Beauty in the Auvergne

19 September 2023
Credit: S Monteil

The 21st International Conference on B-Physics at Frontier Machines, Beauty 2023, was held in Clermont-Ferrand, France, from 3-7 July, hosted by the Laboratoire de Physique de Clermont (IN2P3/CNRS, Université Clermont Auvergne). It was the first in-person edition of the series since the pandemic, and attracted 75 participants from all over the world. The programme had 53 invited talks of which 13 were theoretical overviews. An important element was also the Young Scientist Forum, with 7 short presentations on recent results.

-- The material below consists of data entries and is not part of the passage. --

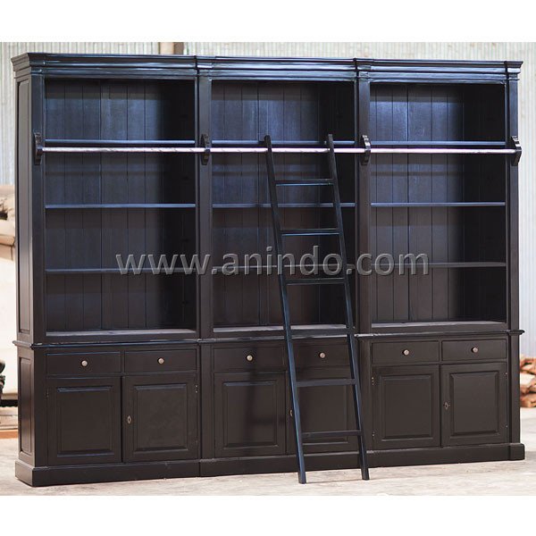 3 section library bookcase is made of solid hard wood in black painted finish.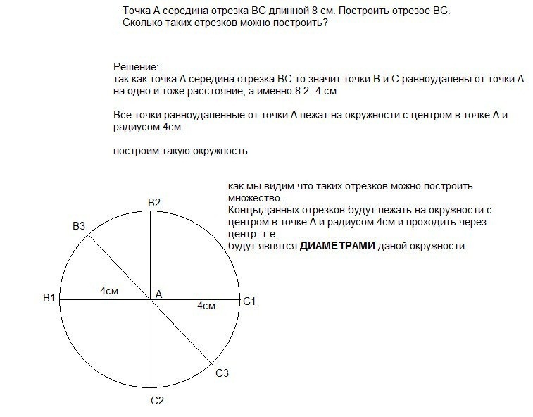 Точка А-середина отрезка ВС длиной 8см.Построй отрезок ВС.Сколько таких отрезков можно построить?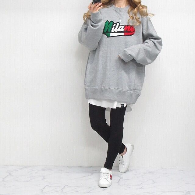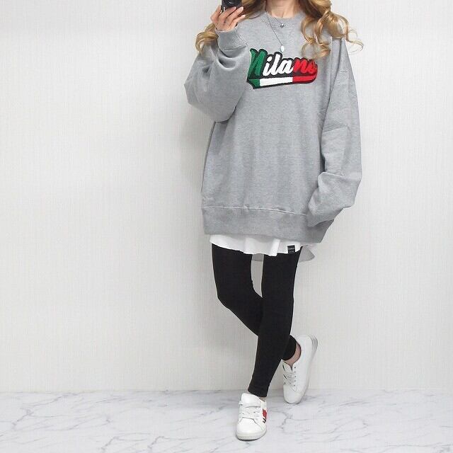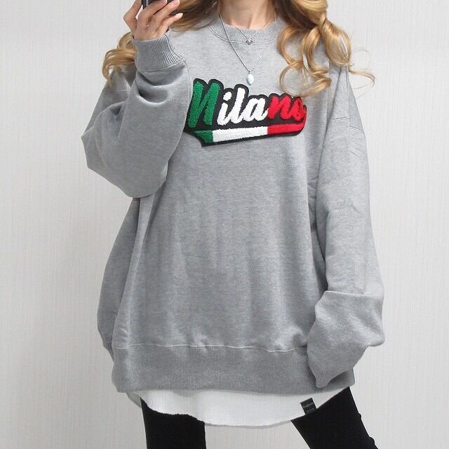 サガラ刺繍 Milano ロゴ BIGトレーナー オーバーサイズ グレー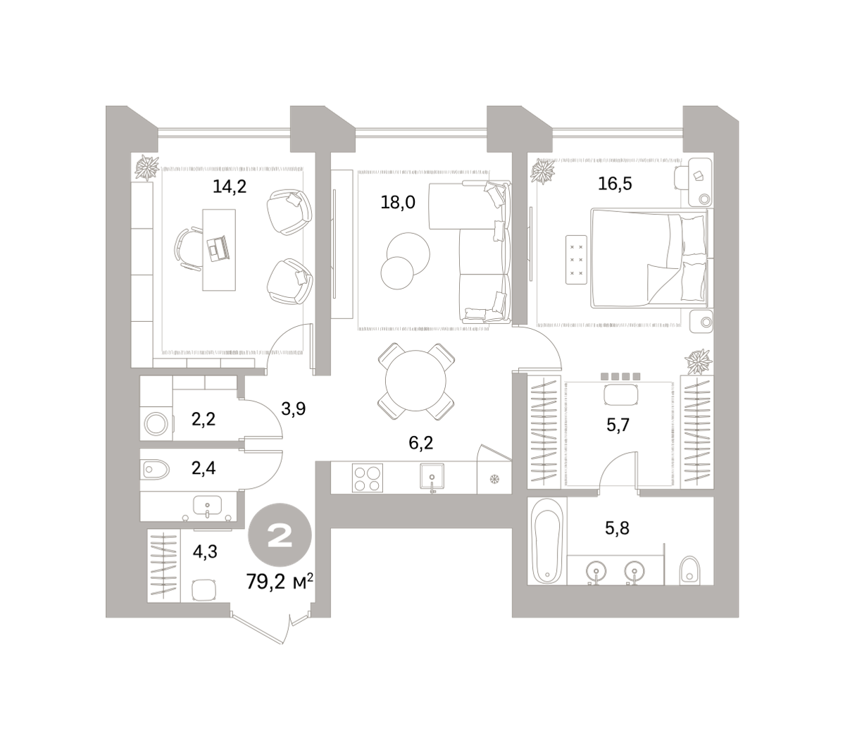 79.80 м² | 6 - 9 эт.

The key focus of the conference series is to review the latest results in heavy-flavour physics and discuss future directions. Heavy-flavour decays, in particular those of hadrons that contain b quarks, offer powerful probes of physics beyond the Standard Model (SM). Beauty 2023 took place 30 years after the opening meeting in the series. A dedicated session was devoted to reflections on the developments in flavour physics over this period, and also celebrating the life of Sheldon Stone, who passed away in October 2021. Sheldon was both an inspirational figure in flavour physics as a whole, a driving force behind the CLEO, BTeV and LHCb experiments, and a long-term supporter of the Beauty conference series.

LHC results
Many important results have emerged from the LHC since the last Beauty conference. One concerns the CP-violating parameter sin2β, for which measurements by the BaBar and Belle experiments at the start of the millennium marked the dawn of the modern flavour-physics era.  LHCb has now measured sin2β with a precision better than any other experiment, to match its achievement for ϕs, the analogous parameter in Bs0 decays, where ATLAS and CMS have also made a major contribution. Continued improvements in the knowledge of these fundamental parameters will be vital in probing for other sources of CP violation beyond the SM.

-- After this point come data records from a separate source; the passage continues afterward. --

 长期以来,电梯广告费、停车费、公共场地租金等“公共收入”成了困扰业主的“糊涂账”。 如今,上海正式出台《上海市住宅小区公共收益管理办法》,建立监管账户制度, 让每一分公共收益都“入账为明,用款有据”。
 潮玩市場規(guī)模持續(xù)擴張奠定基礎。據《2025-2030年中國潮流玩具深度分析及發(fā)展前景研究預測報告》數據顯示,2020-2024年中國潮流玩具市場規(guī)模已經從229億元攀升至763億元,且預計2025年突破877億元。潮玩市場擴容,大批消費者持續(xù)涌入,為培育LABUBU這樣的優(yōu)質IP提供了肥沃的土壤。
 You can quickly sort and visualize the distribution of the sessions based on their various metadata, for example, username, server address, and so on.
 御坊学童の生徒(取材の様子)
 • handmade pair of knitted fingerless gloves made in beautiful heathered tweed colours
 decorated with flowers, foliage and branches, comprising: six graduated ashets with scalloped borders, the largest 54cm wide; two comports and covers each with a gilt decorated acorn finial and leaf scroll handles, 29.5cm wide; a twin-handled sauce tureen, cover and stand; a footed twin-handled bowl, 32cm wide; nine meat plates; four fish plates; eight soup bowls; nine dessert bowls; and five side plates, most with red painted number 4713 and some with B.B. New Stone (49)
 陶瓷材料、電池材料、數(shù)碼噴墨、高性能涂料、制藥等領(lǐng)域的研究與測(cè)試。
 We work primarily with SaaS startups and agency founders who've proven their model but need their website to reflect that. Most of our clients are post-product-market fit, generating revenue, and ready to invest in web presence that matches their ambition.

Over the past decade, the community has been intrigued by strong hints of the breakdown of lepton-flavour universality, one of the guiding tenets of the SM, in B decays. Following a recent update from LHCb, it seems that lepton universality may remain a good symmetry, at least in the class of electroweak-penguin decays such as B→K(*)l+l, where much of the excitement was focused (CERN Courier January/February 2023 p7). Nonetheless, there remain puzzles to be understood in this sector of flavour physics, and anomalies are emerging elsewhere. For example, non-leptonic decays of the kind Bs→ Ds +K show intriguing patterns through CP-violation and decay-rate information.

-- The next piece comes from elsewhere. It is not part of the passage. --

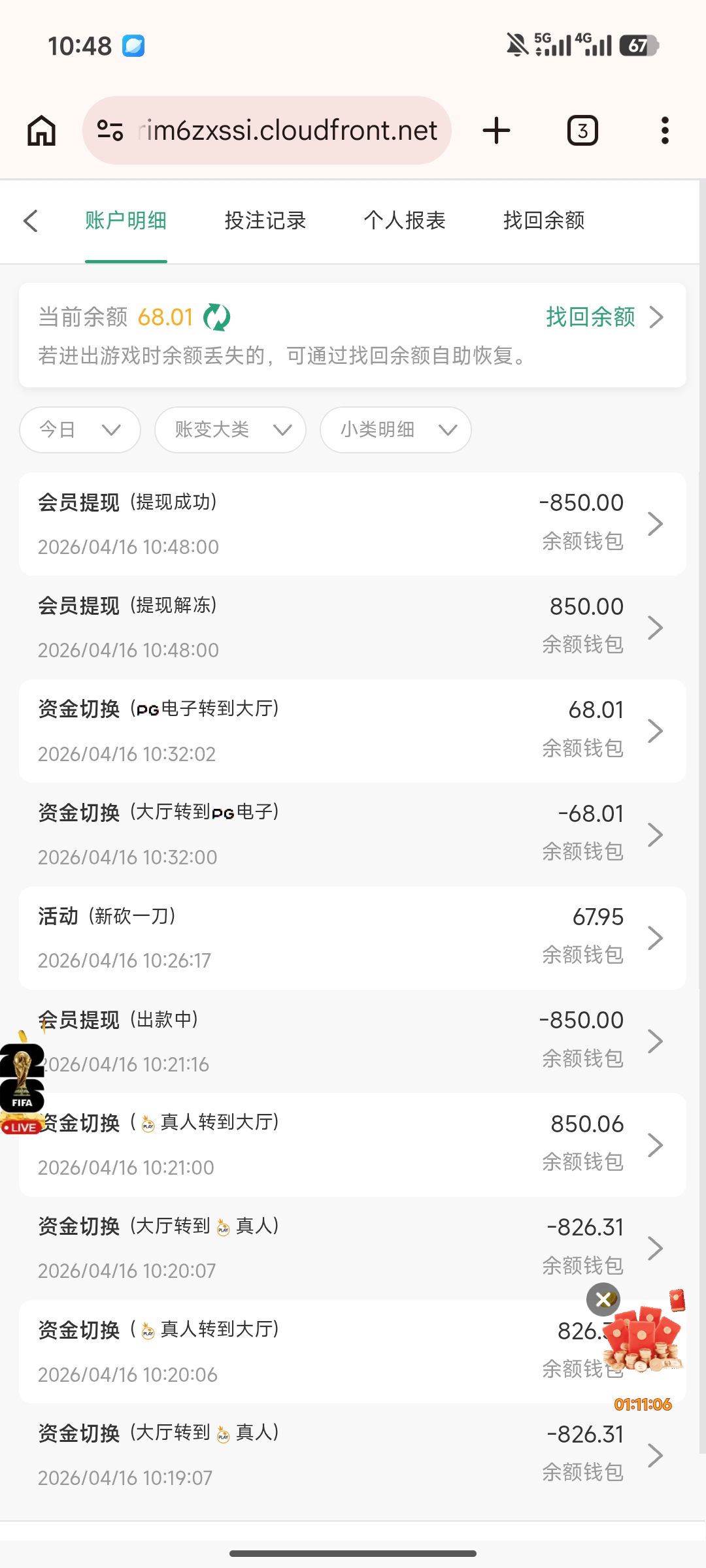 先去活动验证电话领了彩金,赢了就充20提现,这个平台还算稳的,目前没有人被黑过,可以上,另外那个转盘也可以试试看,转到多少都可以直接领取,不过先要有一笔充值才可以直接领取,隔壁论坛有人领了68没有拉人已经出了800块,可以上,有图有真相.

The July conference was noteworthy as being a showcase for the first major results to emerge from the Belle II experiment. Belle II has now collected 362 fb-1 of integrated luminosity on the Υ(4S) resonance, which constitutes a dataset similar in size to that accumulated by BaBar and the original Belle experiment, and results were shown from early tranches of this sample.  In some cases, these results already match or exceed in sensitivity and precision what was achieved at the first generation of B-factory experiments, or indeed elsewhere. These advances can be attributed to improved instrumentation and analysis techniques. For example, world-leading measurements of the lifetimes of several charm hadrons were presented, including the D0, D+, Ds+ and Λc+. Belle II and its accelerator, SuperKEKB, will emerge from a year-long shutdown in December with the goal to increase the dataset by a factor of 10-20 in the coming half decade.

Full of promise
The future experimental programme of flavour physics is full of promise. In addition to the upcoming riches expected from Belle II, an upgraded LHCb detector is being commissioned in order to collect significantly larger event samples over the coming decade. Upgrades to ATLAS and CMS will enhance these experiments’ capabilities in flavour physics during the High-Luminosity LHC era, for which a second upgrade to LHCb is also foreseen. Conference participants also learned of the exciting possibilities for flavour physics at the proposed future collider FCC-ee, where samples of several 1012 Z0 decays will open the door to ultra-precise measurements in an analysis environment much cleaner than at the LHC. These projects will be complemented by continued exploration of the kaon sector, and studies at the charm threshold for which a high-luminosity Super Tau Charm Factory is proposed in China.

The scientific programme of Beauty 2023 was complemented by outreach events in the city, including a `Pints of Science’ evening and a public lecture, as well as a variety of social events. These and the stimulating presentations made the conference a huge success, demonstrating that flavour remains a vibrant field and continues to be a key player in the search for new physics beyond the Standard Model.